Tell me, what did you do with your glittering mind? Did you make the right choice? Marry the right man? Would you have studied at the Sorbonne, Erica? Laughed with writers at Les Deux Magots?
Did you lock up that dazzling wit of yours, or did you write a book?
Did you get to stroll in Paris? Would you care if your daughter were a perfect doll of a brown baby?

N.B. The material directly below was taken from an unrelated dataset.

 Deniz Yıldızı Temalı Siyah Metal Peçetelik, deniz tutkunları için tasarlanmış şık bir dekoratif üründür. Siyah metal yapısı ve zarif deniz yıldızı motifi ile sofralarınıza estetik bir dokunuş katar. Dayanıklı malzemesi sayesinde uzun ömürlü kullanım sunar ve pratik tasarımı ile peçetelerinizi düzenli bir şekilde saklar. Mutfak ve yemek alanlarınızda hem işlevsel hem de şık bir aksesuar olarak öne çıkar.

Who would you love, Erica?
Who would you be?

Others writers in the collection show us how, as Filgate writes in her introduction, mothers can be set up to fail. In “Xanadu,” Alexander Chee explains how he survived things his mother couldn’t shield him from: the difficulties of growing up queer and Asian, the traumas of sexual abuse, and the death of his father. Chee unpacks the complications of trying to protect one’s protector:

It is the night before my first novel’s publication in the fall of 2001, and my mother is about to travel to New York for my launch at the Asian American Writers’ Workshop. If I don’t make the call, I will read from the novel in front of her, a novel about surviving sexual abuse and pedophilia, inspired by events from my childhood—these autobiographical events, events I have never described for her—and she will find out the next evening in a crowded room full of strangers. And she will never forgive me if I do…Our family had passed through a season of hell, and this was what I’d done to survive it. I know at last: I never told her about this because I was sure I was protecting her.

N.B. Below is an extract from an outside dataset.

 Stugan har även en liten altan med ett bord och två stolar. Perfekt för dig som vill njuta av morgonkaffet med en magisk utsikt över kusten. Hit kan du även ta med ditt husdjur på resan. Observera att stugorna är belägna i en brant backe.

Careful not to omit moments of love and tenderness, these fifteen writers also reach striking realizations that could potentially alter or destroy their connection with their mothers. What My Mother And I Don’t Talk About captures the complexity of the bond between mother and child, each of the authors conveying their relationships in a way that seems both universally understood and uniquely experienced. Readers are likely to express gratitude to these these writers for diving headfirst into the mental health issues, feelings of loss, and constant learning we all go through, mothers included.